My interest in writing began after reading Eat, Pray, Love by Elizabeth Gilbert. I fell in love with her style of writing and decided I needed to begin to chronicle my life story. Below is the first paragraph I wrote some 6 years ago.
My name is Cathy Rhea. I was born in Knoxville, TN on June 3, 1956. In all reality, my life has been anything but extraordinary, headline making, People magazine worthy of telling. But it’s MY story, and I feel compelled to tell it. My husband, Michael, has made it clear to me that upon his death he does not want the traditional casket, he simply wants to be cremated.

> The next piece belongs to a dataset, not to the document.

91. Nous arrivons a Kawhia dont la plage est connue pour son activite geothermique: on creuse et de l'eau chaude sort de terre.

I, in turn, have made it clear to him that I want the casket, I want a burial sport, and something inside of me needs a headstone. Maybe I want this because somewhere in my soul I need to feel like I’ve made an impression on this earth, even if it is literally the compacted soil underneath my headstone. Or maybe, just maybe, this story will be what I can leave behind when my life here on earth is over.
That was 2008.
Much has changed since then, including the unexpected death of my beloved husband, and my reconsideration of feeling the need for a burial spot. But the need to leave a part of me behind has not changed. I want my children to know more about me than I knew about my own parents. It’s only after both of my parents passed away, did I realize how very little I actually knew about them. It is my intention that by the time I leave this earth, they know me on a deeper level. Not just as a Mother, or Nana, but as a person that has loved, lost, taken and given.

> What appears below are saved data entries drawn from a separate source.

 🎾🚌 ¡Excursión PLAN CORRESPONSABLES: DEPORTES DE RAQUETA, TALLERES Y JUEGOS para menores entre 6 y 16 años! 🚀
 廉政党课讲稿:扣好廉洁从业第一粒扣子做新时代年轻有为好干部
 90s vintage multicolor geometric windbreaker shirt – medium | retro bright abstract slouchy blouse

So why a blog instead of just letters to my children? Because I get joy from sharing my stories. I gain confidence as a writer when getting feedback. Knowing that I am going to share my life with others keeps me thinking, it challenges my brain, and most of all it makes me strive to write with courage. ‘Cause I gotta tell you, it takes some guts to put yourself out there.. exploring and exposing the good, the bad, and the ugly about oneself.
Wish me luck!
CatCorrier
Trish Wolfenbarger
Cathy I have been sitting on my front porch for over an hour and 1/2 reading your stories. Sometimes laughing and sometimes crying. You my friend are my biggest inspiration. I know now that I am going to make it through this tragedy in my life. You have helped me through so many hard times I could never thank you enough! I love you Cathy and please keep posting…..you are helping me and I just can’t imagine how many others you are helping. God bless you my friend!
catcorrier@comcast.net
Thank you Trish. It warms my heart that these stories have touched you ….and maybe even helped you. To be even the slightest bit of an inspiration, humbles me. Please remember that every victory we have, no matter how small, paves the way for a life beyond we ever imagined. Keep the faith.
Joe Graas
Hello Cathy this is Joe I’m so happy to hear you are doing well
Miss you and yours
Cathy Holbrook
Hi Joe! Good to hear from you. I didn’t realize you knew about this blog! I have so enjoyed writing these last 8 years. Who knew I could tell a story?
Miss you – if you’re ever in Knoxville, give us a shout.